El mayor regalo que puedes ofrecer a otras personas es renunciar a la urgencia de cambiar las emociones que sienten hoy.
Por Ana Paula Chávez (@anapaulachavezc)
Por supervivencia, los seres humanos nos alejamos del dolor y nos acercamos al placer. No es cosa rara que cuando sufrimos o vemos sufrir, intentamos evitarlo o distanciarnos de esas sensaciones molestas, del desagrado de no poder hacer nada más que “sentirnos mal”.
Con el tiempo y las nuevas generaciones, sumado al acceso a información en salud mental, ese primer instinto invalidante ha ido virando hacia algo así: “te entiendo, pero…”, “¿y si ves este otro lado del tema?”, “piensa en positivo”. En el intento de escucharnos, nos seguimos minimizando. Parece que escuchamos, pero en realidad seguimos intentando alejarnos del malestar.
Esa tendencia innata a escapar del dolor aún se filtra en nuestras palabras y terminamos generando el efecto contrario. Esa adolescente a la que se le dice que “hay cosas peores” no volverá a confiar en sus padres; esa amiga a la que le decimos “debes superarlo de una vez” guardará un duelo o proceso que podría aligerarse si se llevara compartido.
Y es que la empatía va más allá de la comprensión.

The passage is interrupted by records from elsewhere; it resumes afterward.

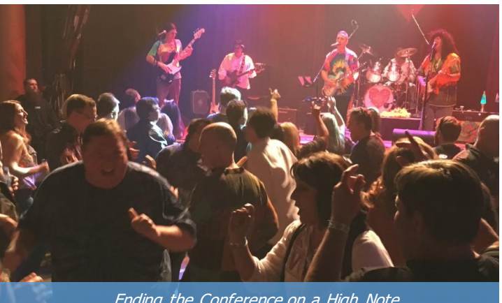
Ending the Conference on a High Note

Next year's conference is moving to the Manchester Grand Hyatt. Don't forget to mark May 21-23, 2019 on your calendar. Be there or be square!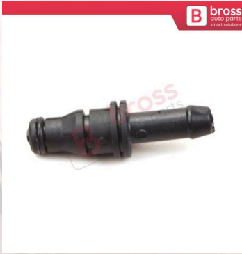
BHC632 Coolant Breather Hose Pipe Socket A0039970689 for Mercedes W203 W221 C230 S400 S550 S600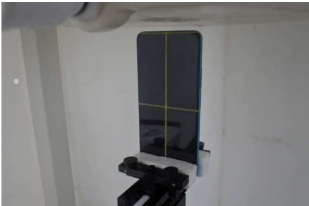
Top Side, Test Separation 10 mm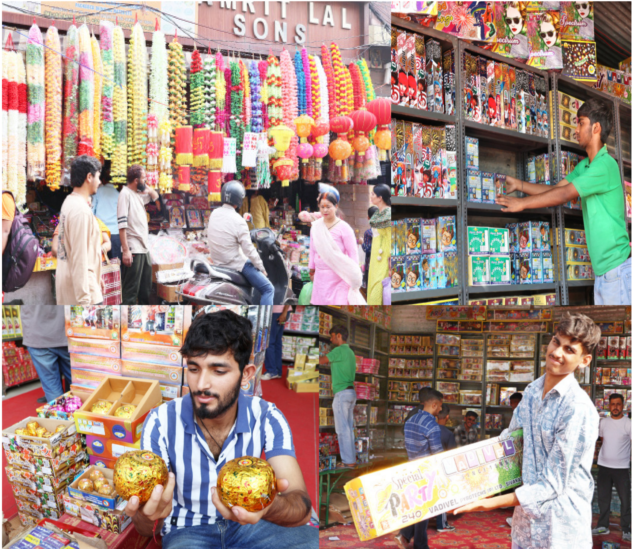
Crackers and decorative material stalls set up across Jammu on Diwali celebration.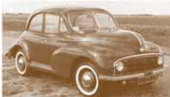
Morris Minor lowlight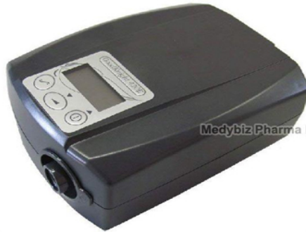
Goodnight 420E Cpap Machine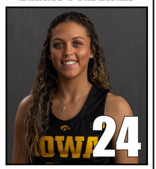
Guard • 5-10 • Senior Cincinnati, Ohio Mount Notre Dame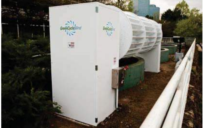
Fig. 1: Green Cycle Wind's turbine utilizes both natural and waste wind sources to reduce energy bill costs for companies.

LORD Corporation has extensive experience in supplying structural adhesives for product as-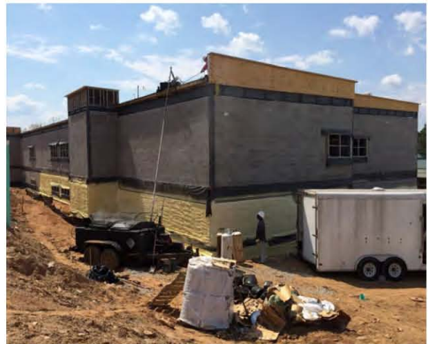
Spray Foam Insulation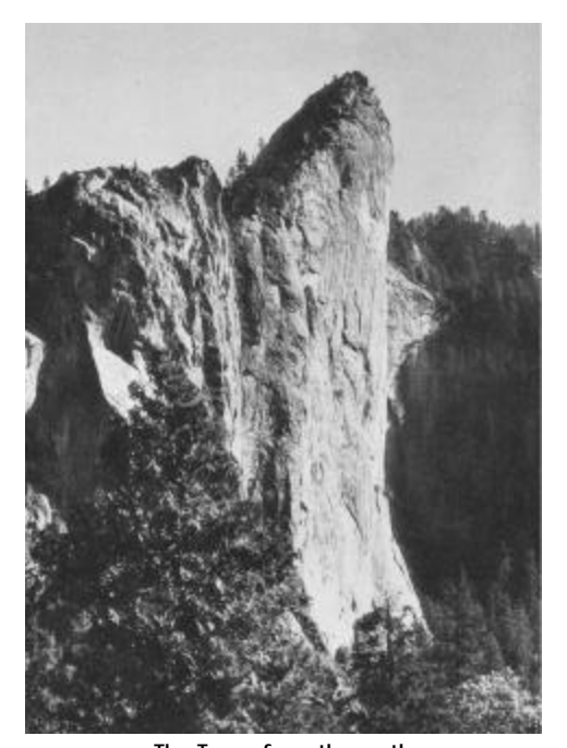
The Tower from the north

The hanging, hissing lantern cast gigantic shadows as four men racked hardware, recoiled new Perlon, and gulped down mouthfuls of cereal, milk, and blueberry pie at 4 AM in a cold, quiet Yosemite Camp 12. We had just arrived from L.A. at midnight and were only half awake after about three hours of fitful sleep. It was two days before Easter and snow on the Valley rim made sure down jackets and foot sacks were packed first in the haul bags, for two bivouacs were possible. All the gear was loaded into the VW bus and the too brief ride to the Bridalveil Falls parking lot finally convinced me that apparently nothing was going to save me from my robot madness and I was indeed committed to a "no retreat" climb on what Roper's red book called, "the most spectacular overhanging wall in the world", THE LEANING TOWER.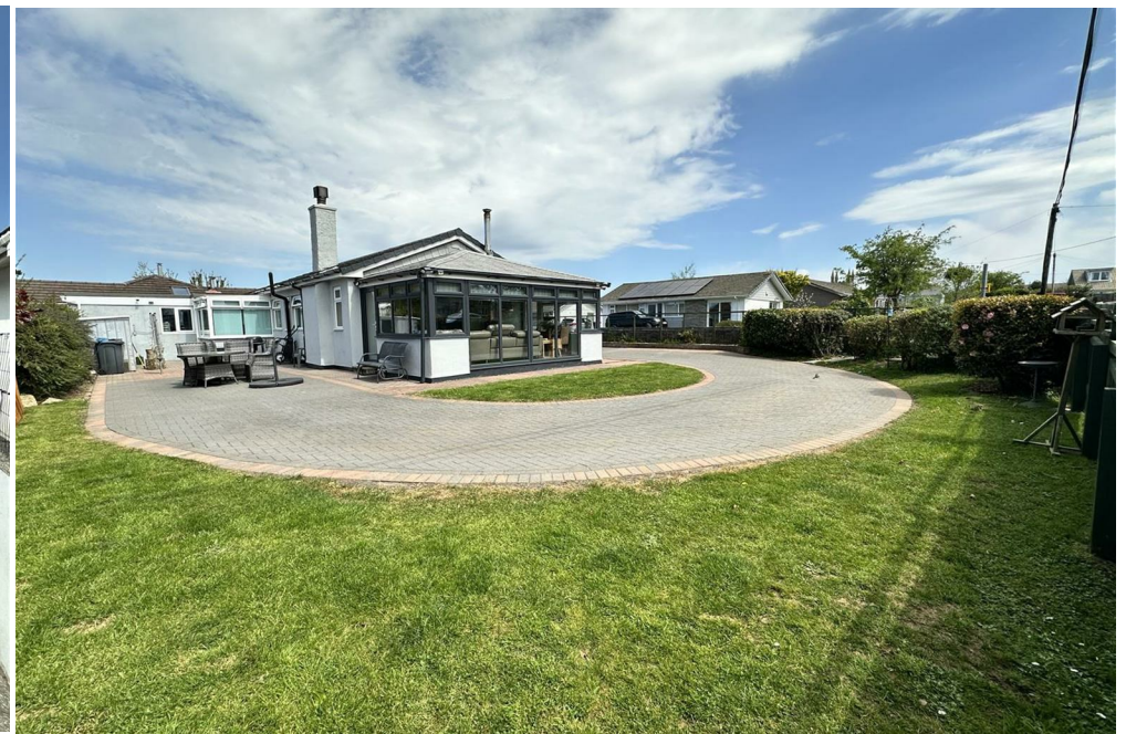
Caradon View, St. Cleer, Nr Liskeard, PL14 5DW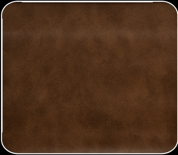
Design : AMAZON FR Colour : 320 Light Brown

Weight : 550gr ±40 Width : 140cm ±40 Abrasion Resistance : >100.000 Oeko - Tex Standart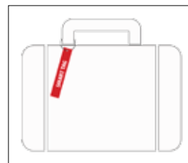
Tag property with hanging tags.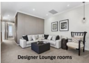
Designer Lounge rooms

Plans shown are only indicative of layout. Dimensions are approximate.

Un concepto más acertado sería la sintonización, que demanda que seamos conscientes y deliberados en nuestras interacciones. No es solo escuchar las palabras, es sensibilizarse con la postura, la voz, la expresión, el lenguaje corporal, la sensación completa que me da estar frente a esa exacta persona.

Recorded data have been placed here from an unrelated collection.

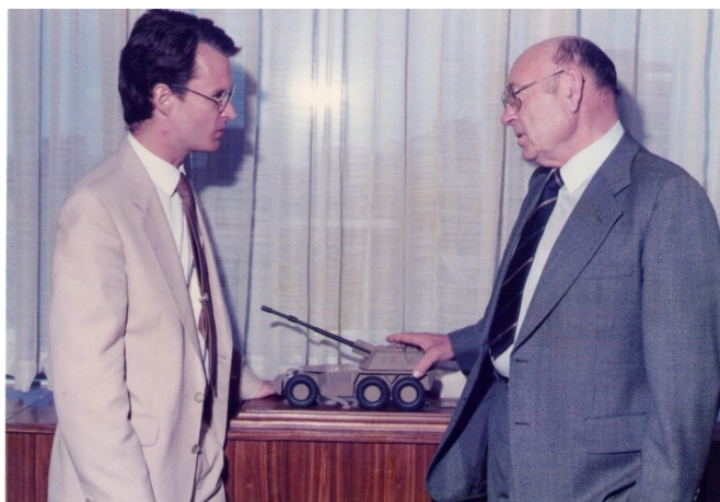
With ARMSCOR Head Piet Marais, South Africa, 1985

to the South Africans. They made the G5 gun and the G6, which is a wheeled version of it. I was down there for three weeks, at the invitation of ARMSCOR, the Armaments Corporation of South Africa, to do a defense magazine spread on the South African defense industry. They wanted to show it off. They had been embargoed for years, and they wanted to show that the embargoes had not only not slowed them down, but it had enhanced their modernization.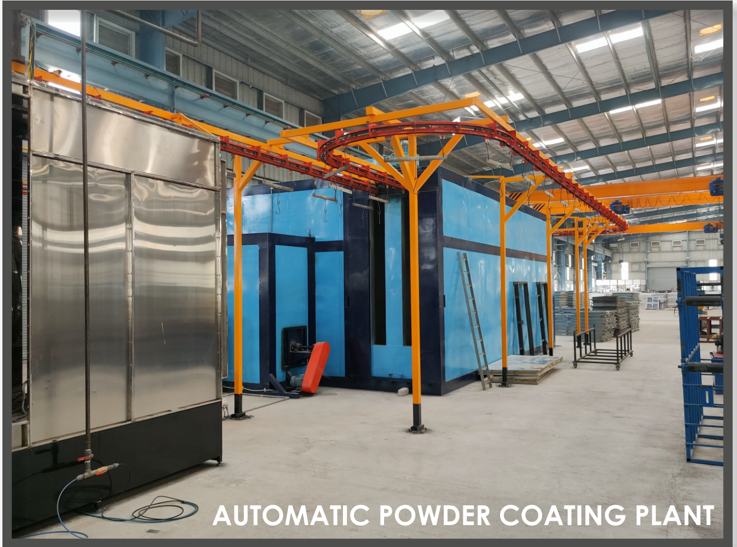
AUTOMATIC POWDER COATING PLANT

Semi Automatic powder coating booth with the Multi-cyclone recovery system. Bag filter & cartridge filter options available. Powder curing ovens with electrical, oil fired & gas fired heating options are available. Conveyor track and trolley (manual) for material handling as an option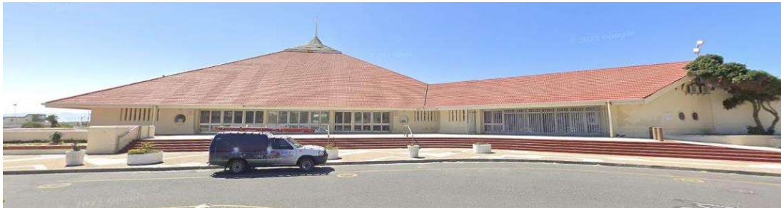
MUIZENBERG CIVIC CENTRE – BEACH ROAD, MUIZENBERG

CITY OF CAPE TOWN SPATIAL PLANNING AND ENVIRONMENT: ENVIRONMENTAL MANAGEMENT DEPARTMENT CONTRACT NO. 144Q/2023/24 MUIZENBERG SEAWALL REPLACEMENT AND BEACHFRONT REFURBISHMENT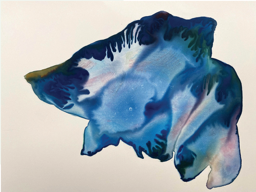
Squeeze 7, 2020. Monotype.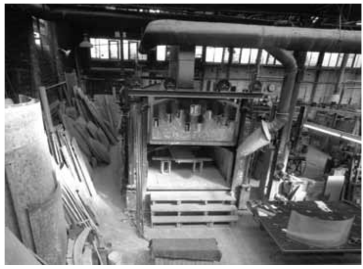
Factory floor and view of kiln, John Bowden Ltd, 2006 Established in 1800, the former John Bowden Ltd factory was situated on the edge of the Olympic site. Some kilns reach 650°C, depending on the desired curve of the glass.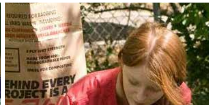
A volunteer from Cross Point Community Church serving at a home in our residential program.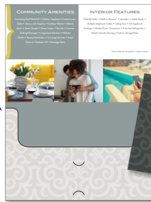
COMPACT POCKET BROCHURE 9" x 6"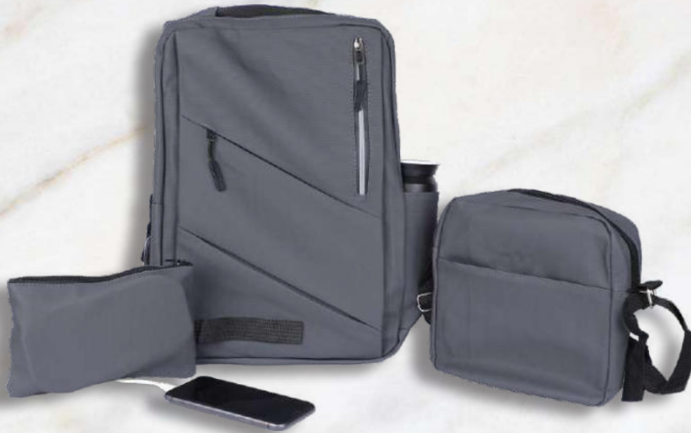
LPK - 17 Rs.1650/-

HSN - 42021990 | GST RATE 18% | MASTER CARTON PACKING 25 Qty

Se podría decir, en otras palabras, que no se trata solo de escuchar con el oído, sino con el corazón. Pero claro, ello implica que uno esté mínimamente conectado consigo mismo, para desde ahí conectar con el otro. Si me cuesta tolerarme cuando no estoy del todo bien, será complejo que pueda tolerar al otro cuando duele, se enoja, se entristece o sencillamente tiene un mal día.Ahí se encuentra nuestro desafío.
Pero Ani, ¿cuál es la solución entonces? ¿Dejar que la gente sufra? En corto, sí. Nos cuesta aceptar que las personas necesitan y merecen sentirse como se sienten, y que no es nuestro lugar cambiar eso. Nos cuesta porque no nos lo permitimos nosotros mismos. Nos incomoda ver a alguien mal y queremos ofrecerle, en nuestro intento de empatía, una posible solución o mirada que le quite el dolor. Tal vez el paso más importante para ser mejores compañeros es aprender que esa no es nuestra tarea.
Debemos dejar de decirle a otros lo que tienen que hacer, cómo deben sentirse, en qué deben pensar. Esa experiencia les pertenece a ellos. En su lugar, podremos tomar el rol de quien sostiene una mano. Así, podremos ofrecer algo mucho más valioso que una solución: nuestra presencia.
El valor de dar la bienvenida incluso, y sobre todo, cuando las personas no están bien. Convertirse en un lugar donde tienen que performar una estabilidad cuasi perfecta; donde se pueden derrumbar de forma segura porque saben que pasará; donde no añadimos una capa de culpa y vergüenza a su ya complicada vivencia. Todos merecemos a alguien que escuche y que no intente sacarnos rápidamente del lugar emocional en el que estamos.
A veces solo basta con decir “te escucho”, “aquí estoy”, “¿qué puedo hacer por ti?”. Otras, es mejor callar. Nuestra disposición a escuchar y sintonizar puede ser un salvavidas para aquellos que no encuentran un lugar donde ser y sentir libremente. Aún más, puede ser nuestro propio salvavidas.
Que en el intento de escucharnos, no nos hagamos daño.